Donald Trump’s RNC Speech Promised "Law and Order" — Here’s What He Actually Means
On Thursday night at the Republican National Convention, Donald Trump bet on fear. In a speech where he accepted the GOP presidential nomination, the reality TV star and businessman painted a terrifying picture of America — one where crime runs rampant, immigrants are flooding our borders to kill us and the next terrorist attack lurks perpetually around the corner.
"In this race for the White House, I am the Law and Order candidate," he said, framing himself — a virulent racist with an alleged $60,000 weave on his head — as the cure for America's social ills. But in light of Trump's vision, it's worth remembering the last time a Republican presidential candidate made such a claim — and how badly it worked out for the rest of us.
"For a few moments, let us look at America," Richard M. Nixon said in 1968. It was the Republican National Convention in Miami Beach, Florida. The former vice president, eight years removed from a general election defeat at the hands of John F. Kennedy, was accepting the GOP's presidential nomination for the second time.
This time he'd win, in part because he'd tap into the fears wracking so many Americans' minds.
"As we look at America, we see cities enveloped in smoke and flame," Nixon said. "We hear sirens in the night. We see Americans dying on distant battlefields abroad.

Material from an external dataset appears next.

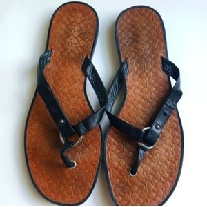 Stylish flip flop sandals with black straps and brown soles. Perfect for casual wear.

We see Americans hating each other; fighting each other; killing each other at home."
Nixon was employing what came to be known as the "Southern Strategy." He and his advisers had identified disaffected white Southern voters as a key to electoral dominance for the GOP during the 1960s. As a result, Nixon's rhetoric tapped into their fears and sympathies — which were often leveled against gains made by black people during the civil rights era.
"We see cities enveloped in smoke and flame." — Richard M. Nixon, 1967, speaking at the Republican National Convention in Miami Beach, Florida
"Segregationists began to worry that there was going to be no way to stem the tide of public opinion and opposition to the system of segregation," Michelle Alexander, author of The New Jim Crow, told Frontline, "so they began labeling people who are engaged in nonviolent civil disobedience and protests as criminals and as lawbreakers."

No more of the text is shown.